Depois de um dia de muitas andança—e no meio deste calor que não se aguenta…– agrada-me ser recebida tão efusivamente, embora emende logo o tratamento, e diga que não sou professora, que nunca fui professora, mas ele ri-se e diz “claro que é, então eu não sei!, até já foi à escola dos meus netos!”

Tento segunda vez mas ele continua a rir e eu acabo por desistir, enquanto ele fala, olhando de vez em quando pelo retrovisor a ver se estou a seguir as suas palavras.

Conta-me a vida toda, desde os tempos difíceis de infância numa aldeia perto da Guarda–onde só se lembra de ter calçado sapatos no dia em que foi fazer o exame da 4ª classe–até à ida para África e o regresso em 75.

Tudo para me explicar o amor pela sua professora, e o desgosto que sentiu quando ela morreu, “igual ao que senti pela morte da minha mãe”, garante.

“Porque a nossa professora de instrução primária era mesmo importante! Agora é que já ninguém lhes liga nada, mas no meu tempo – olha pelo retrovisor e corrige–”no nosso tempo, ó Professora! no nosso tempo a escola era uma coisa muito séria. E o que a gente aprendia!…”

Volta a olhar pelo retrovisor e eu aceno com a cabeça, claro, uma 4ª classe tirada há 50 e tal anos era outra coisa, e ele dá quase um salto, “outra coisa?? Era um curso superior, Professora! O que a gente sabia…Aqueles problemas de torneiras… Uma a deitar água e o ralo a deixar sair…E as equivalências…E os rios, e as linhas de caminho de ferro, e as serras…
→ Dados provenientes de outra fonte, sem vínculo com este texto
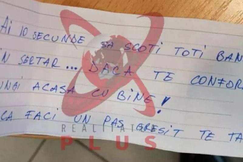 O bancă aflată în apropierea sediului central al Poliției Române, de pe bulevardul Ștefan cel Mare, a fost ținta unui jaf. Realitatea Plus a prezentat, în exclusivitate, imagini din camera de supraveghere care surprind momentul jafului, precum și mesajul scris pe bilet.

Nova piscadela pelo retrovisor.

“Ó professora, ainda se lembra das serras? Era assim, deixe cá ver… Peneda, Suajo, Gerês, Arga…”

E lá vai ele serras acima, serras abaixo, entre curvas e contracurvas, e de repente estou a chegar a casa, e ele “Nogueira, Bornes, Marão…”, e eu “é já aí nessa esquina!”, e ele “Mogadouro, Moncorvo, Gralheira…”, e eu, “é mesmo aqui!”, e ele lá trava às quatro rodas, felizmente não há ninguém atrás de nós.

Pago, dá-me o troco, deseja-me muitas felicidades e, enquanto abro a porta, remata : “Leomil, Marofa e Lapa!”

Já vou a entrar em casa e ele, da janela do táxi, ainda grita “Era um curso superior, ó Professora!”

Certamente já a atacar as serras de outro sistema.